What Student Did

With large samples, confidence intervals for population means can be constructed by using only the sample mean, sample standard deviation, sample size, and the properties of the normal distribution. This is true regardless of the distribution of the individual observations.

Early in the history of statistical practice, it was recognized that there was no similar result for small samples. Even when the individual observations themselves follow a normal distribution exactly, the difference between the sample and population means tends to be greater than the normal distribution predicts. For small samples, confidence intervals for the population mean constructed by using the normal distribution are too short (they contain the population mean less often than expected) and statistical tests (to be discussed) based on the normal distribution reject a true null hypothesis more often than expected. Analysts constructed these intervals and performed these tests for lack of anything better to do, but they were aware of the deficiencies and treated the results as descriptive rather than inferential.

William Sealey Gosset, who published under the pseudonym 'A Student of Statistics', discovered that when individual observations follow a normal distribution, confidence intervals for population means could be constructed in a manner similar to that for large samples. The only difference was that the usual multiplier was replaced by one that grew larger as the sample size became smaller. He also discovered that a similar method could be used to compare two population means provided individual observations in both populations follow normal distributions and the population standard deviations were equal (sample standard deviations are never equal)--the 1.96 is replaced by a multiplier that depends on the combined sample size. Also, the two sample standard deviations were combined (or pooled) to give a best estimate of the common population standard deviation. If the samples have standard deviations s₁ and s₂, and sample sizes n₁ and n₂, then the pooled standard deviation is

s_p =

( [(n₁-1) s₁² + (n₂-1) s₂²] / [n₁ + n₂ - 2] )

and the standard deviation of the difference between the sample means is

s_p

(1/n₁ + 1/n₂)

It was now possible to perform exact significance tests and construct exact confidence intervals based on small samples in many common situations. Just as the multipliers in the case of large samples came from the normal distribution, the multipliers in the case of small samples came from a distribution which Student named the t distribution. Today, it is known as Student's t distribution.

There isn't just one t distribution. There is an infinite number of them, indexed (numbered) 1, 2, 3, and so on. The index, called "degrees of freedom," allows us to refer easily to any particular t distribution. ("Degrees of freedom" is not hyphenated. The only terms in statistics that are routinely hyphenated are "chi-square" and "goodness-of-fit.") The t distributions are like the normal distribution--unimodal and symmetric about 0--but they are spread out a bit more (heavier in the tails). As the degrees of freedom get larger, the t distribution gets closer to the standard normal distribution. A normal distribution is a t distribution with infinite degrees of freedom.

Each analysis has a particular number of degrees of freedom associated with it. Virtually all computer programs calculate the degrees of freedom automatically, but knowing how to calculate degrees of freedom by hand makes it easy to quickly check that the proper analysis is being performed and the proper data are being used.

When estimating a single population mean, the number of degrees of freedom is n - 1. When estimating the difference between two population means, the number of degrees of freedom is n₁ + n₂ - 2.

The only change in tests and confidence intervals from those based on large sample theory is the value obtained from the normal distribution, such as 1.96, is replaced by a value from a t distribution.

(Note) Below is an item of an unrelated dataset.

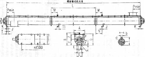 注:1、螺旋機(jī)輸送長(zhǎng)度及尺寸L均見(jiàn)表二、表三。 2、圖n×500為蓋板卡子尺寸,n值視螺旋機(jī)長(zhǎng)度而定。 3、圖中尺寸p為進(jìn)出料口中心線。

In the old days (B.C: before computers) when calculations were done by hand, analysts would use the normal distribution if the degrees of freedom were greater than 30 (for 30 df, the proper multiplier is 2.04; for 60 df, it's 2.00). Otherwise, the t distribution was used. This says as much about the availability of tables of the t distribution as anything else.

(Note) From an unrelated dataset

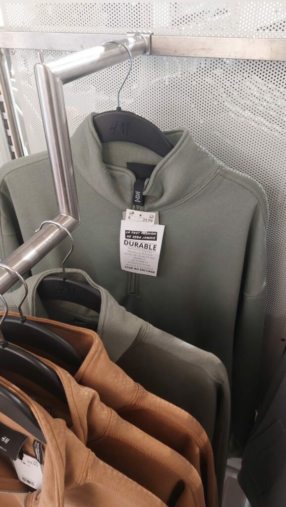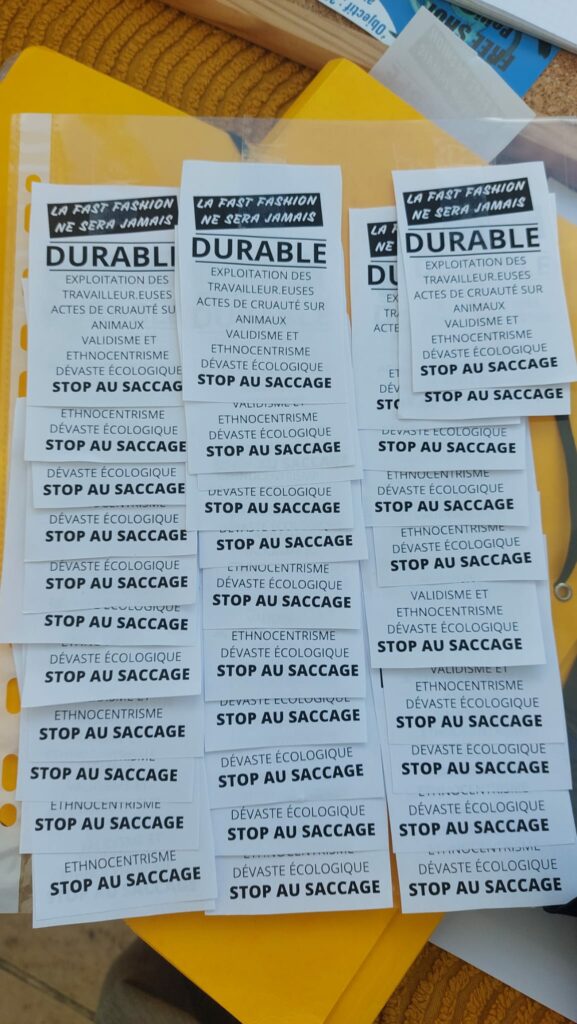Il ne restait plus qu’à les remplir de petites étiquettes expliquant les problèmes qu’entraîne la « Fast Fashion » et à les accrocher aux vêtements sur lesquels certains se ruent en étant persuadé de faire une bonne affaire… une bonne affaire, sûrement, mais à quel prix ? Celui du dévaste écologique ou de celui des travailleurs exploités ? C’est au choix !

Today, tables of distributions have been replaced by computer programs. The computer thinks nothing about looking up the t distribution with 2351 degrees of freedom, even if it is almost identical to the standard normal distribution. There is no magic number of degrees of freedom above which the computer switches over to the standard normal distribution. Computer programs that compare sample means use Student's t distribution for every sample size and the standard normal distribution never comes into play.

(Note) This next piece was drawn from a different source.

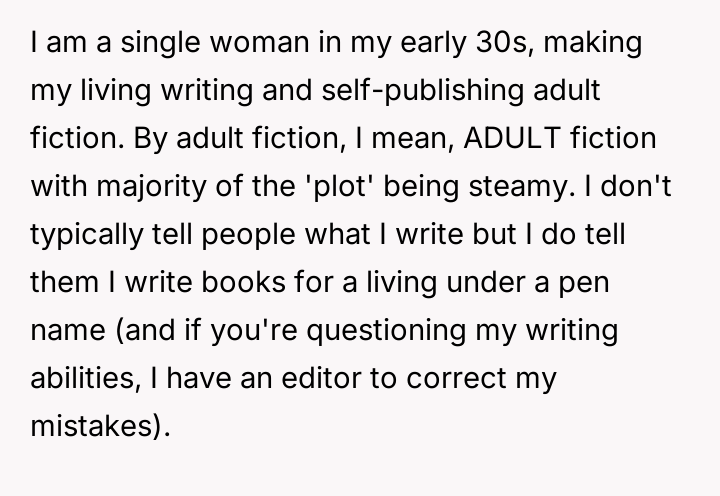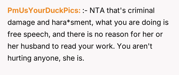 After reading through the Reddit comments, it's clear that many readers sympathize with the author's discomfort and appreciate her setting boundaries with an overstepping neighbor. The majority agree that her choice to keep her work private is entirely valid and that Roger's behavior was inappropriate, especially given their polite but distant relationship. Commenters also praised her for handling the situation maturely by avoiding confrontation and focusing on her own comfort.

We find ourselves in a peculiar position. Before computers, analysts used the standard normal distribution to analyze every large data set. It was an approximation, but a good one. After computers, we use t distributions to analyze every large data set. It works for large non-normal samples because a t distribution with a large number of degrees of freedom is essentially the standard normal distribution. The output may say t test, but it's the large sample theory that makes the test valid and large sample theory says that the distribution of a sample mean is approximately normal, not t!